Tuning into your favorite podcast, the music queues up as your ears settle in — it’s the start of a blissful hour of zoning out or uncovering a juicy story. As its theme song fades into the background, realizing it or not, the intro song has set the stage for the podcast’s theme.
Since podcasts are truly an audio immersive medium, it makes perfect sense why podcast creators approach music licensing with a keen sense of purpose. It’s also why a lot of podcasters use Marmoset when looking for music, applying custom filters to find a song that dually serves as their podcast’s anthem. Exemplifying this, we look to Bonnie Thornbury’s new podcast series, Gender Blender.
Thornbury opens their series with “LOVE // WARRIOR” by Frankie Simone. Besides the energetic opening, the song complements the show’s theme of gender exploration; it’s an example of applying background music to guide the content’s narrative.

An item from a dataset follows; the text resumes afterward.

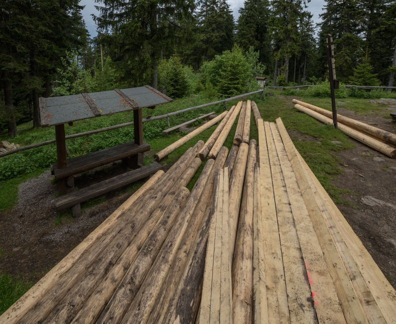 Co odmítla rozhledna, přineslo nakonec velmi překvapivě úbočí. Ač tu déšť definitivně přestal žertovat, takže v minutě bylo prakticky jedno, jak rychlou chůzi člověk zvolí, neopětovat tak úchvatně nabídnutý sluneční pozdrav, obzvláště pak za současného doprovodu blesků a hromů, by bylo těžkým prohřeškem.

Fans of Gender Blender and Thornbury’s positive initiative toward bringing this conversation into the podcast stratosphere, we sat down with Thornbury to find out more.
Marmoset: What inspired you to create your Gender Blender? And what are some topics listeners can expect to encounter with your series?
Thornbury: I first started thinking about gender after taking a Gender 101 course in my undergrad, which opened my eyes to the millions of subtle and overt sways gender impacts our lives and started my own journey of coming out as gender queer.
I found it so fascinating that I eventually did a graduate degree in Gender, Sexuality and Women's Studies. I've since had thousands of conversations about gender with people around the world and realized that even though it's so central to our lives, many of us are at a loss in how to talk about gender, how we feel about it, or how it impacts us. Gender Blender is a platform where everyday people can ask questions and explore what gender means to them!
M: As a woman, I feel fortunate to be among a generation that's empowered to speak out — have you found in your own life that talking about issues to do with gender identity or toxic masculinity has helped those around you (and yourself)?
Thornbury: Definitely! And I so appreciate you sharing your perspective too. I likewise feel fortunate to be part of a generation — millenials in my case — where we're looking at the gendered expectations that have been presented to us and questioning, challenging, and embracing the parts that do and don't work. And I really think that applies across the board — this isn't just a feminist movement, or a women's movement, or a queer movement — it's a generational movement.
We're all looking at gender critically and exploring new ways of being and relating to one another. As a queer, I feel so much support, love, and respect from and for our generation. It feels like there's space, we're trying to make space, for everyone. We've had enough of intolerance and division, we want a better world for everyone. It's a hard time to be — there's a lot of hurt and healing — but I likewise feel fortunate and I think the future looks bright.
M: The podcast's first episode delves into what it means to "be a man." I thought this was really interesting and great to have a guest who's on the "other side of topic" (someone who isn't directly affected by the aforementioned issues etc). How do you approach having tough conversations with people who aren't always allies or aware of their own lack of education/awareness?
Thornbury: I love this question — thanks for picking up on that! I think we're all affected by gender, although of course in different ways depending on our experiences and backgrounds. One of the people I spoke with (episode coming soon! ) talked about his experience when he's walking at night around or by women walking alone and can sense their unease. He's so very far from a predator, but he feels like that's how he's perceived in certain situations, and he struggles with how to respond to that, how to amend that both for himself and the people he's encountering, and for society as a whole.
I think so many of us can relate to that — whether being mis-perceived, not knowing how to get around gendered stereotypes or realities, or feeling uneasy in certain contexts because of gender — and at the end of the day, I think we all want to feel safe and seen.
In having so many conversations about it over the years, I think it's safe to say that we've all been impacted by gender in one way or another. Sometimes the conversations are indeed tough, but I truly believe everyone is a gender expert — everyone is an expert in at least their own gender, and gender is absolutely unique to everyone. I think the first step to becoming gender aware is empowering people to learn and speak about their own gender, and asking people how we can be allies to one another.
It's not only women or queers who need allies — we're all grappling with these issues. I'm trying to be really intentional about reaching out to all kinds of people — kids and elderly people, men and women and queers, people with different cultural experiences... I'm genuinely curious about how different people think about and relate to gender, and I hope to expand the conversation to make space for everyone's voice.
M: What's something you hope listeners takeaway from Gender Blender?
Thornbury: First and foremost, everyone is a gender expert — we all get to define gender for ourselves, but that's not something we've been asked to do before. It's been sort of assumed we all mean the same thing when we say we're a woman or man or queer or whatever. I hope to get people thinking about and talking about gender.
M: Where do you envision for the future of your podcast series?
Thornbury: As my first guest Jennifer suggested, translated into many languages, accessible to people around the world… good to have lofty goals to strive toward, right?